Exhibition

  • Reimagining Little Liberia: Restoration and Reunion
    Jamila Moore Pewu
    Curator
    Mary and Eliza Freeman Center's Little Liberia Gallery, Bridgeport, CT
    Feb 01, 2016 to Jul 31, 2016
  • GRANTEE
    Jamila Moore Pewu
    GRANT YEAR
    2015

Richard Patton IV, Ethiope, mixed media collage, 16x20 inches, 2015. Courtesy of the artist.
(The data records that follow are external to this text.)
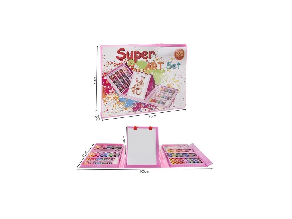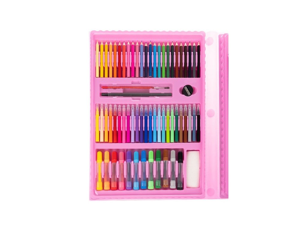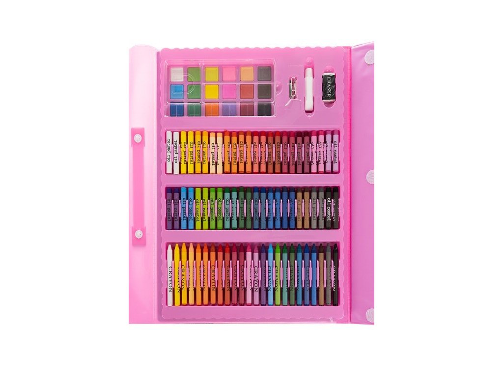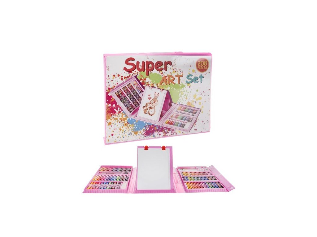 - Malířský set v kufru má až 208 prvků, včetně: kufru 12 silných fixů, 24 tužek, 24 voskovek, 48 olejových pastelů, 18 barev akvarelových barev, 24 fixů, 1 pravítko, 30 kancelářských sponek, 1 štětec, 1 ořezávátko, guma, 4 klipy, 1 tužka, 1 paleta, 1 lepidlo, 15 listů A4, 1 houbička.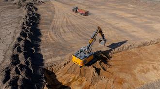 Der Baggerfahrer hat gut zu tun: das Gelände weist einen Höhenunterschied von sechs Metern auf, die ausgeglichen werden müssen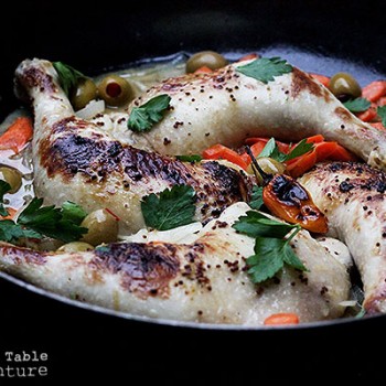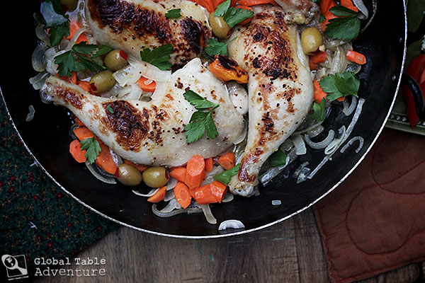 4. Next, add in the carrots, olives, and broth and marinade juices to the onion mixture. Season with salt and pepper. Stir and cook for a few minutes to start softening the carrots. Nestle the browned chicken into the onion bed and the habenero, if more heat is desired. Cover and simmer for about 45 minutes to an hour, or until the chicken is cooked through and the carrots are tender.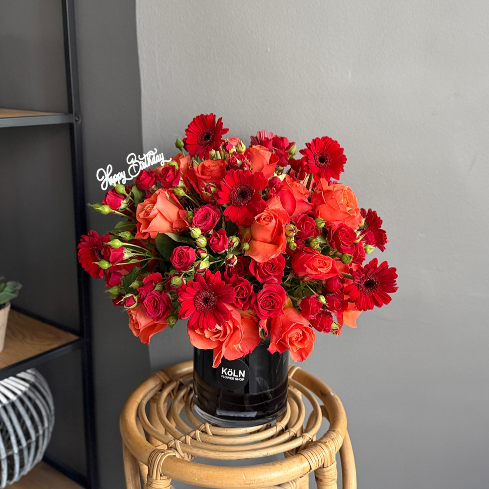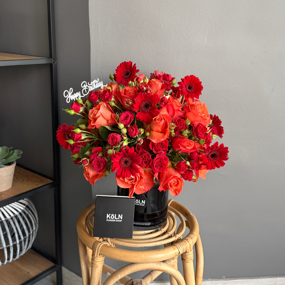 فازة تحتوي على الجوري، البيبي جوري والجيربيرا مع الشوكولاتة البلجيكية.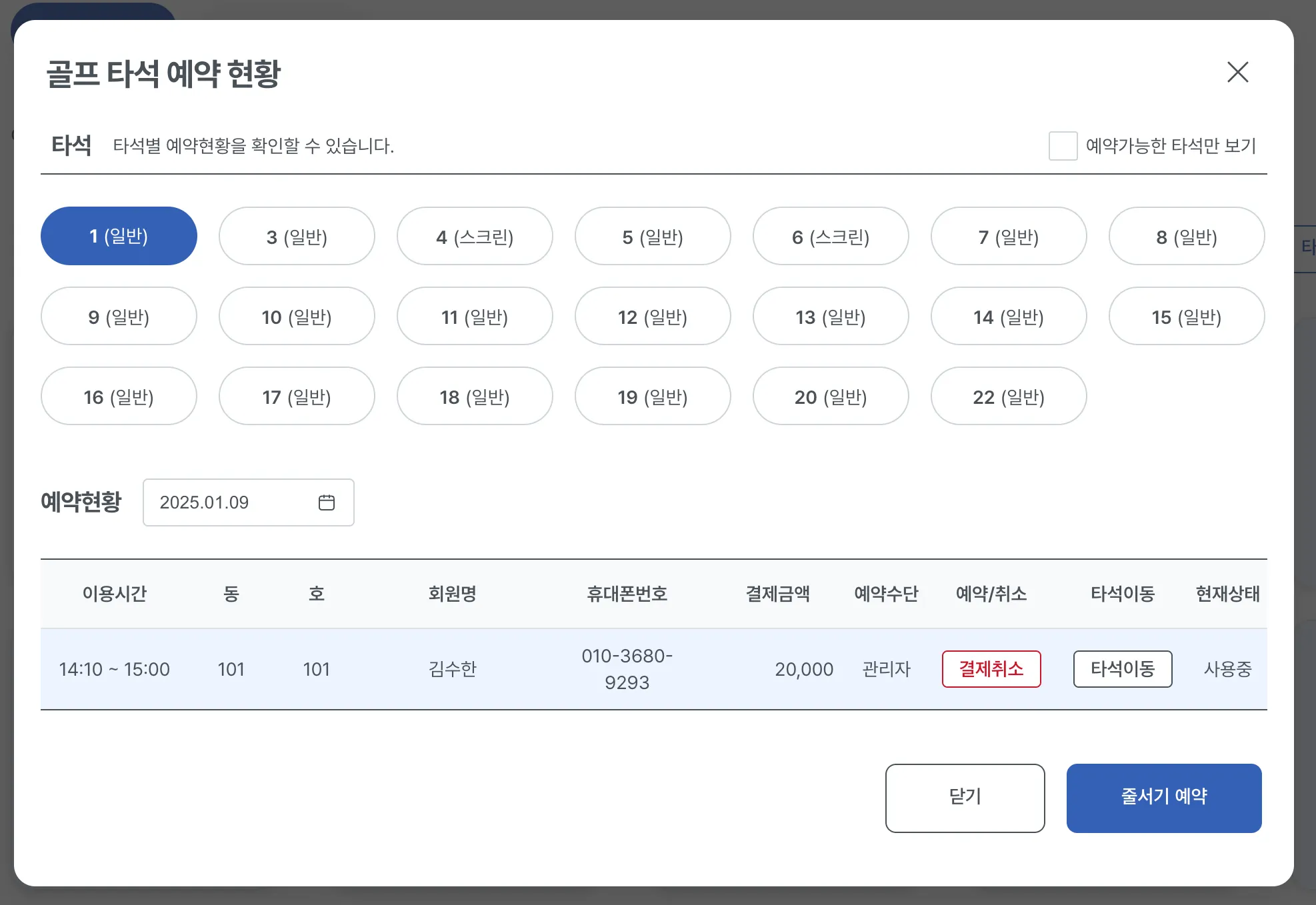 [타석예약현황] 버튼 클릭시 시설내의 타석 별 예약 현황을 확인할 수 있고, 회원의 골프타석예약을 할 수 있습니다.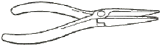 좁은 지점까지 도달 할 수 있는 긴 물림 턱을 가지고 있으며 손가락으로 접근할 수 없는 좁은 장소의 부품을 잡거나 구부리는데 적절한 그림과 같은 공구는?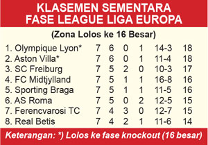 Di Stadion Wankdorf, Bern, Les Gones – julukan OL– mengalahkan BSC Young Boys dengan skor 1-0. Hasil yang memastikan skuad besutan Paulo Fonseca melangkah ke fase knockout atau 16 besar bersama wakil Premier League, Aston Villa.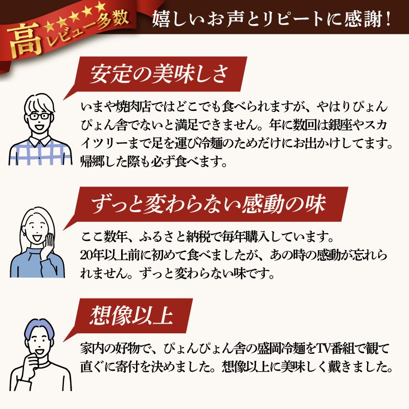 【配送不可:離島】 ■トッピングまで揃ったスペシャルセットが登場!本場の味を、手軽にご家庭で。 地元でダントツ!の人気・名店 「焼肉冷麺 ぴょんぴょん舎」 の盛岡冷麺。 その味をそのままご家庭で楽しめるように、トッピング(キムチ、ゆで卵、甘酢きゅうり、牛味付肉、酢、 ごま)が付いた本格生タイプの盛岡冷麵4食詰合せです。 盛岡冷麺の名付け親「ぴょんぴょん舎」から盛岡冷麺は全国に広まりました。 ■独特のコシと弾力を持つ本格生麺 モチモチとした食感が特徴の特製麺は、冷水で締めることでさらにコシが際立ちます。 ■牛骨ベースの濃厚スープ 旨みたっぷりのストレートスープは、冷麺の味を引き立てるコク深い味わい。 ■専用キムチの絶妙なバランス 辛すぎず、酸味と甘みのバランスが絶妙。全体の味を引き締め、食欲をそそります。 ■作り置きなしの新鮮製造 お店で提供している味をそのまま再現。注文後に製造・出荷いたします。 いつでも新鮮な状態でお届けします。 ※ご注文を受けてから製造し、出荷するためお届けまでにお時間を頂戴いたします。(クール便でお届けいたします。贈答用の包装はお受けできません。) ※掲載の「お礼の品」は品切れや季節の都合で受付を終了・中止していることがあります。 ◆こんな方におすすめ 本場・盛岡の味をご家庭でも簡単に手軽に楽しみたい方 トッピング4食分付き : キムチ、ゆで卵、甘酢きゅうり、牛味付肉、酢、 ごま 冷麺・麺類が大好きな方 夏の贈り物やお中元を探している方 ふるさと納税で“間違いない”返礼品を選びたい方 ※画像はイメージです。 ※離島への配送はできかねますので、あらかじめご了承願います。 ※上記のエリアからの申し込みは返礼品の手配が出来ないため、「キャンセル」または「寄附のみ」とさせていただきます。予めご了承ください。 ※ご注文を受けてから製造し、出荷するためお届けまでにお時間を頂戴いたします。(クール便でお届けいたします。贈答用の包装はお受けできません。)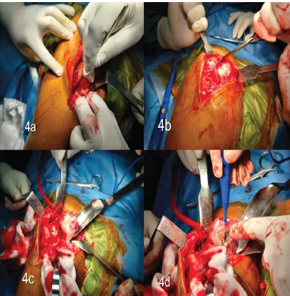 Figure 4: (a) Posterior(southern) approach used with incision given more posteriorly: (b) High riding greater trochanter and femoral head was identified (c) Intraoperative image showing chondrolysis of the femoral head, and thus total hip arthroplasty was planned intraoperatively; (d) Intraoperative image showing the release of the femoral head from surrounding soft tissue.

In 1841, W. P. Johnson wrote, "Bridgeport [Connecticut] is a handsome place, and the people know how to entertain strangers. I think the [Colored Temperance] Convention next year ought to be held there again, as I do not think that it was generally known." Indeed, the story of how blacks and Native Americans from Connecticut, Virginia, Maryland, New York, and the West Indies transformed an isolated, undesirable part of town into a thriving, "peri-urban multiethnic enclave" in the early-nineteenth century is generally not known to many. The lack of historical data on this free community of color has rendered its legacies of freedom, entrepreneurship, and cultural innovation invisible to our present landscape. This exhibition provides a full sensory introduction to Little Liberia, its people, its surviving architecture, and its cultural geography. As visitors engage multimedia installations, they also discover this neighborhood's potential for creating a historically sustainable community today.

Jamila Moore Pewu's work encompasses the diverse fields of Black Atlantic studies, architectural history/theory, African and African American history, and cultural geography. As assistant professor of digital humanities and new media in history at California State University, Fullerton, her work focuses on increasing public access to vital historical data, and creating opportunities for collaboration between scholars, as well as between scholarship and the communities represented therein. Her recent work includes a geographically multi-sited digital map featuring communities in the United States, West Africa, and Mexico that share the place name, Liberia. The map prototype was completed in 2013 with support from the National Science Foundation's Geography and Spatial Sciences Division. As head curator for Restoration and Reunion, she helps weave the larger humanities questions with which this exhibition is concerned into permanent installations that introduce diverse audiences to Bridgeport's Little Liberia neighborhood, both now and then.